兄スティーブが最初に受けた超音波内視鏡検査(EUS)は、膵臓にある神経内分泌腫瘍(PNET)と膵頭部にある膵のう胞を示しました。私は通常型の膵臓がんが見つかったと思い、非常に心配しましたが、トパジアン博士はこれは通常型の膵腺癌ではないと安心させてくれました。我々は綿密なスクリーニングプログラムを始めました。最初は6ヶ月ごとでしたが、その後は1年に1回、それから2年ごとに1回というふうに頻度を下げるなど、回数は調整されました。しかし、2017年に受けたEUSは主膵管が狭くなっていることを示しました。内視鏡的逆行性胆道膵管造影(ERCP)を行い、ステントを挿入して主膵管が狭くなっているところを開けました。その手順の一部として、膵管内の細胞を集めて解析しました。

私の外科医であるマイケルケンドリック(Michael Kendrick)博士に手術の後に会ったとき、彼は「あなたの細胞は、本当に悪い何かを始めようとしていることを私たちに告げています」と言いました。その結果、腹腔鏡下で膵体尾部切除術を受けました。手術中、残りの膵臓とリンパ節を調べたところ、癌性細胞は見つかりませんでした。手術は腹腔鏡下で行われたので、私は2ヶ月でほぼ正常の生活に戻ることができました。

私はまだメイヨ―クリニックでフォローされます。私は家族性膵癌に関わるがん研究の進歩と兄弟の経験から恩恵を受けました。 スコットは長年にわたり患者支援の擁護活動に献身的に取り組んできましたが、私にとっては断続的で主に彼をサポートするために患者会の活動に参加していました。それは私の成功した手術までのことです。今、私たちは自分たちの物語を話すためにチームを組んでPanCANのネットワークに参加し、患者支援活動を続けています。

弟のスコットの治療の旅は長くて非常に困難であり、彼はがんとの闘いに勝つ、その可能性を追求することで成功しました。兄の私の成功は、彼の経験から得られた知識と、早期発見とスクリーニングによる積極的なアプローチをとった結果です。その結果、癌は初期の段階で発見され、完全に切除することができたため、それ以上の治療を避けることができました。

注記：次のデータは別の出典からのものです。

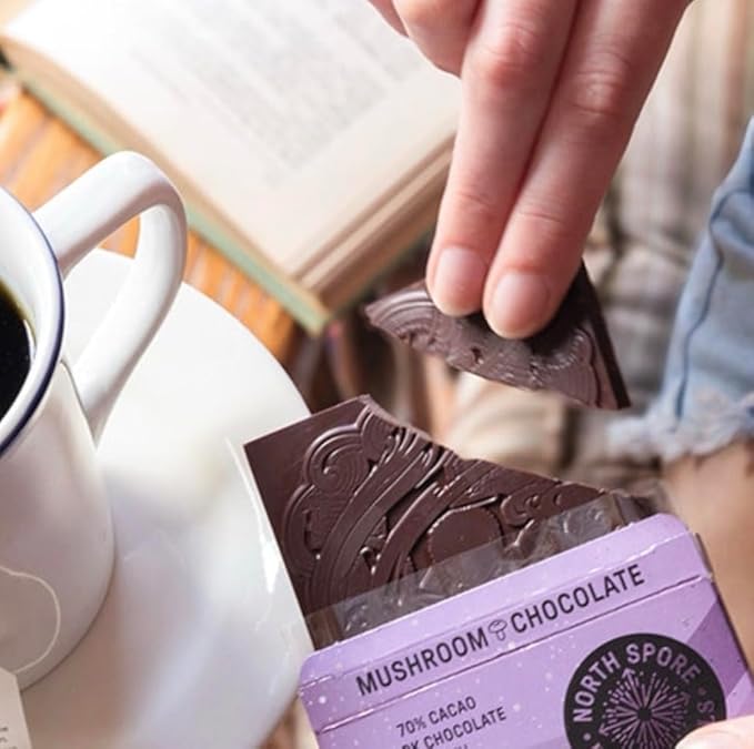 - Our functional, handmade, 70% dark chocolate bar is infused with 500mg of mushroom fruiting body extracts derived from Lion's Mane mushrooms.

現実から隠れるのではなく、早めに状況を受け入れることが私の命を救いました!それがスコットと私が伝えたいストーリーであり、それによって私たちは膵臓がん患者とその家族にある程度の希望をもたらすことができると思います。

両兄弟は募金活動に参加し、ワシントンDCではPanCANとともに、国のがん研究予算を増額するよう国会議員に働きかけました。最もやりがいのある会話はこのひどい病気の影響を受けた人々とその家族との会話であると思います。